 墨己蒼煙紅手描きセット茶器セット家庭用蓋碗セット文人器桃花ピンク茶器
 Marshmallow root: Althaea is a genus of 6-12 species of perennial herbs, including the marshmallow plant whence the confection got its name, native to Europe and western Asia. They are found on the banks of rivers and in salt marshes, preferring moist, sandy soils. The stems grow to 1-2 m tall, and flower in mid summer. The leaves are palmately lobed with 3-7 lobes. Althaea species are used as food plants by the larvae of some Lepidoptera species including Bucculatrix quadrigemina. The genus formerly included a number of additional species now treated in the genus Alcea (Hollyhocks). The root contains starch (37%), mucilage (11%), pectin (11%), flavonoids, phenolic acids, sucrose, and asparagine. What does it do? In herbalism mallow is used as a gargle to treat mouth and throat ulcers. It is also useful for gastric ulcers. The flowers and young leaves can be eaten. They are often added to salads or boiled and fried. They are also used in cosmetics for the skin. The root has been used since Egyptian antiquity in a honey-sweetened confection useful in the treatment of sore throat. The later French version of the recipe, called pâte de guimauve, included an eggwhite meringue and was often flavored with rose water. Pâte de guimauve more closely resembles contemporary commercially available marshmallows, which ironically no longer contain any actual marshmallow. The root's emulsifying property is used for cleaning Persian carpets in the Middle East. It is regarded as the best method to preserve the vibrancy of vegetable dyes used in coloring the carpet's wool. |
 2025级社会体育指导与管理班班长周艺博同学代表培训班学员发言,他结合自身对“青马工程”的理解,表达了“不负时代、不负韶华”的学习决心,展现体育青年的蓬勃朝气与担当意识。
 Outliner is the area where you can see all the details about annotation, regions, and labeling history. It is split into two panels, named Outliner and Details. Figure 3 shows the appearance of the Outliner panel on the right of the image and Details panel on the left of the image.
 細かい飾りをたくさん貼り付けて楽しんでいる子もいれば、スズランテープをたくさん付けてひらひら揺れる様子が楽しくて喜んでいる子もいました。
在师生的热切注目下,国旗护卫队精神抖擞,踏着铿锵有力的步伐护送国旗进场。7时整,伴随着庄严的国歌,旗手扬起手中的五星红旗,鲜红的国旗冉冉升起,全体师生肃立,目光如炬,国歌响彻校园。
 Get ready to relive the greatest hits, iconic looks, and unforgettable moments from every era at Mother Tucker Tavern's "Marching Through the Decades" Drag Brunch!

○ ○ ○ ○ ○

Make an exact copy of the material above.

- Answer area -
 墨己蒼煙紅手描きセット茶器セット家庭用蓋碗セット文人器桃花ピンク茶器
 Marshmallow root: Althaea is a genus of 6-12 species of perennial herbs, including the marshmallow plant whence the confection got its name, native to Europe and western Asia. They are found on the banks of rivers and in salt marshes, preferring moist, sandy soils. The stems grow to 1-2 m tall, and flower in mid summer. The leaves are palmately lobed with 3-7 lobes. Althaea species are used as food plants by the larvae of some Lepidoptera species including Bucculatrix quadrigemina. The genus formerly included a number of additional species now treated in the genus Alcea (Hollyhocks). The root contains starch (37%), mucilage (11%), pectin (11%), flavonoids, phenolic acids, sucrose, and asparagine. What does it do? In herbalism mallow is used as a gargle to treat mouth and throat ulcers. It is also useful for gastric ulcers. The flowers and young leaves can be eaten. They are often added to salads or boiled and fried. They are also used in cosmetics for the skin. The root has been used since Egyptian antiquity in a honey-sweetened confection useful in the treatment of sore throat. The later French version of the recipe, called pâte de guimauve, included an eggwhite meringue and was often flavored with rose water. Pâte de guimauve more closely resembles contemporary commercially available marshmallows, which ironically no longer contain any actual marshmallow. The root's emulsifying property is used for cleaning Persian carpets in the Middle East. It is regarded as the best method to preserve the vibrancy of vegetable dyes used in coloring the carpet's wool. |
 2025级社会体育指导与管理班班长周艺博同学代表培训班学员发言,他结合自身对“青马工程”的理解,表达了“不负时代、不负韶华”的学习决心,展现体育青年的蓬勃朝气与担当意识。
 Outliner is the area where you can see all the details about annotation, regions, and labeling history. It is split into two panels, named Outliner and Details. Figure 3 shows the appearance of the Outliner panel on the right of the image and Details panel on the left of the image.
 細かい飾りをたくさん貼り付けて楽しんでいる子もいれば、スズランテープをたくさん付けてひらひら揺れる様子が楽しくて喜んでいる子もいました。
在师生的热切注目下,国旗护卫队精神抖擞,踏着铿锵有力的步伐护送国旗进场。7时整,伴随着庄严的国歌,旗手扬起手中的五星红旗,鲜红的国旗冉冉升起,全体师生肃立,目光如炬,国歌响彻校园。
 Get ready to relive the greatest hits, iconic looks, and unforgettable moments from every era at Mother Tucker Tavern's "Marching Through the Decades" Drag Brunch!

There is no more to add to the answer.